For duplicate processing Ron I have some R that gives you 3 options

1. average

2 median

3. Mid point of the min and max.

I didnt implement RSM. on the todo list

Much harder. probably be a seperate piece of code.

Err Zeke, I do #3.

Re: Steven Mosher

Agreed, you should not average imods together because they are supposed to be wholly different stations. You wouldn’t average New York and Boston before anomalizing.

Re: GHCN duplicates for U.S. stations – I’m starting to find that sometimes different duplicate series are the same station simply with minor rounding differences, and other times, duplicates are wholly different stations from the same “city”.

Sum of squares of difference between GISS and my ghcn based on 4 different methods of calculating the global mean from the gridded data.
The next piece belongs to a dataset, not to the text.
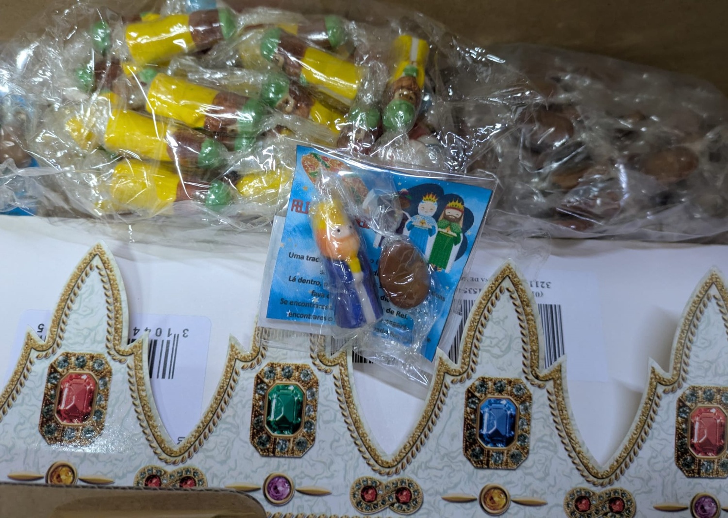 Quando o bolo estiver pronto, não se esqueça de colocar o feijão, o rei de porcelana, a coroa e o cartão com as instruções, disponíveis em espanhol e catalão. Não faltará nenhum pormenor ao seu roscón.

> sum((lm0-giss)*(lm0-giss))

[1] 2.065021

> sum((lm1-giss)*(lm1-giss))

[1] 1.160241

> sum((lm2-giss)*(lm2-giss)) # this is the mean of weighted latitudinal means

[1] 0.6210873

> sum((lm3-giss)*(lm3-giss))

[1] 1.282837

Sum of squares of difference between zeke’s GHCN and my ghcn based on 4 different methods of calculating the global mean from the gridded data.
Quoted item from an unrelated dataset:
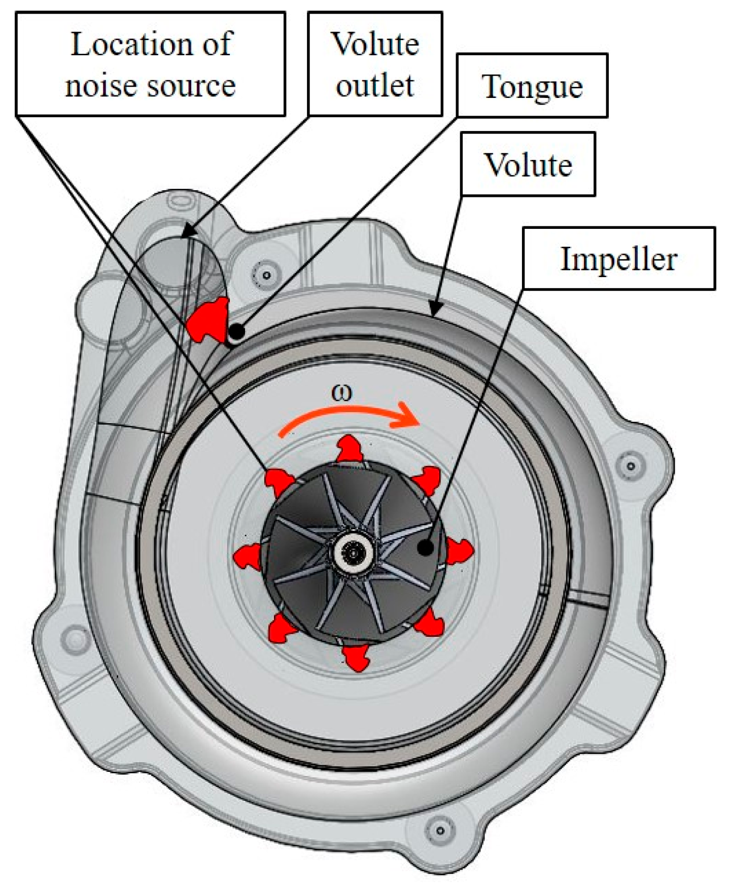 fBPF. Similarly, as with aerodynamic phenomena, it is necessary to determine the excitation frequency. The excitation frequency is defined by Equation (2). The supposed places where the noise source originates in the spiral casing of the compressor is shown in

> sum((lm0-ghcn)*(lm0-ghcn))

[1] 0.5166909

> sum((lm1-ghcn)*(lm1-ghcn))

[1] 1.543072

> sum((lm2-ghcn)*(lm2-ghcn))

[1] 1.06022

> sum((lm3-ghcn)*(lm3-ghcn)) # this is the mean of area weighted cells

[1] 0.2165203

———-

So using Zeke’s terminology, here is what trb is doing presently,

4. Discard dupes, calculate anomalies for imods, average imod anomalies into grid boxes.

———-

By the way, I made an (unannounced) change to my GHCN method recently where I loosened my CAM period restriction somewhat. Instead of requiring stations to have a minimum year prior to 1961 and a maximum year post-1990, I require at least 10 years of data in the 1961-1990 period. This brings my estimates a bit more in-line with other reconstructions: http://i81.photobucket.com/albums/j237/hausfath/Picture27-1.png

Latest GHCN data is here: http://drop.io/0yhqyon/asset/latest-ghcn-data-xls

Also, note that the use of a land-mask results in a non-negligible increase in land temps vis-a-vis not land masking.
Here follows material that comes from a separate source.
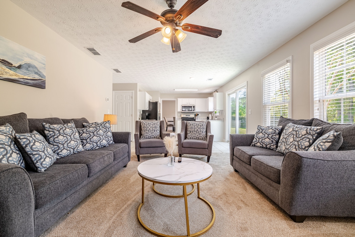 Merħba fil-vaganza rinnovata sabiħa tiegħek ġewwa Lawrenceville, GA! Aġġornata f' Lulju 2025, din id-dar spazjuża ta' 1,900 pied kwadru għandha żebgħa friska, it-tieni kamra tal-banju sħiħa rinnovata u għamara tat-terrazzin ġdida fjamanta. Ftit 5 minuti 'l bogħod miċ-Ċentru ta' Lawrenceville u sewqan qasir sa Atlanta, se tgawdi minn aċċess faċli għall-ikel, ix-xiri u d-divertiment filwaqt li tirrilassa fil-kumdità u l-istil.

The graphs above require 10 years of data for each month in the baseline (1961-1990)

The do not require a minimum number of months per season or year (yet)

Not much surprise that land-mask increases anomaly. From earlier griddings by you folk, we know that adding SST lowers the anomaly. I would expect small island temps to be dominated by the sea surface temps.